Example: Predicting a Value with Regression Equation
– The intercept and slope of a linear regression are b0 = 3 and b1 = 2.3.
– Calculate the predicted value of y after three periods.
Solution:
– y3 = 3 + 2.3(3) = 9.9.
– Linear trends may not correctly model the growth of a time series. Attempting to use a linear model can lead to persistent errors in the estimations with serial correlation of residuals (i.e., differences between the time series and the trend). Such cases call for the use of a method other than a linear model.
– A log-linear trend often works well for financial time series. Such a model assumes a constant growth rate in the dependent variable. It can be modeled in the following manner: y_t = e^(b0 + b1*t + e_t), where t = 1, 2, …, T.
– The exponential growth is at a constant rate of [e^(b1) - 1].
– This can be transformed into a linear model by taking the natural log of both sides of the equation: ln(y_t) = b0 + b1*t + e_t, where t = 1, 2, …, T.
– A linear trend model can then be used on the transformed equation to determine the parameters b0 and b1.
Example: Predicting a Value with Log-Linear Regression Equation
– The intercept and slope of a log-linear regression are b0 = 2.8 and b1 = 1.4.
– Calculate the predicted value of y after three periods.
Solution:
– ln(y3) = 2.8 + 1.4(3) = 7
– y3 = e^7 = 1,096.63.
The assumptions behind regression analysis must be satisfied in order for the results to be valid. With these models, a common violation is the correlation of regression errors across observations.

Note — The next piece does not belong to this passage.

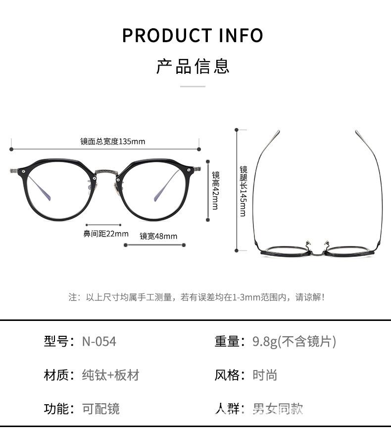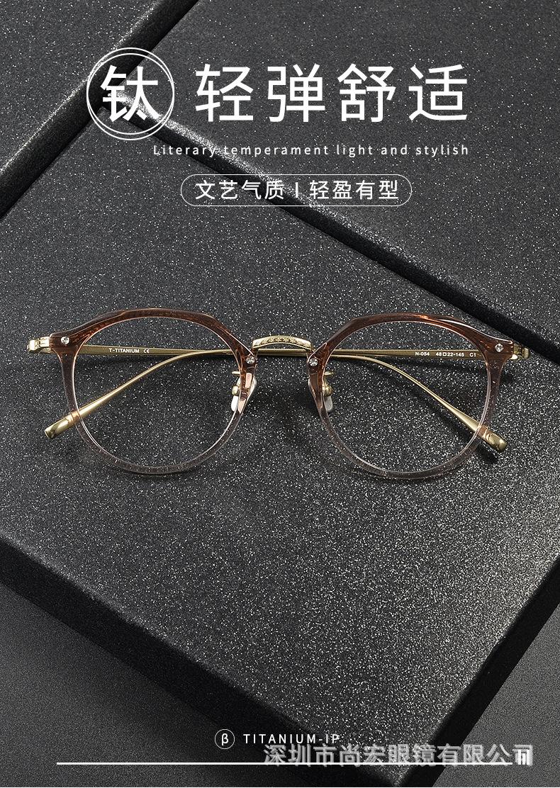 Gafas para miopía de titanio puro con degradado de dos colores, cara pequeña, artefacto liso, placa poligonal retro N054, montura para gafas de celebridades de Internet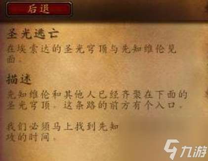 3、到埃索达以后,跟守备官波鲁斯对话,接一个叫“圣光逃亡”的任务,然后去找先知维纶;

The Durbin-Watson statistic can be used to test for serial correlation in the model. When testing a model’s DW statistic, the null hypothesis is that no serial correlation is present.
A DW statistic that is significantly below 2 is strong evidence of serial positive correlation and a DW statistic above 2 indicates negative serial correlation.
If evidence of serial correlation is detected, the data may need to be transformed, or another estimation technique may need to be applied.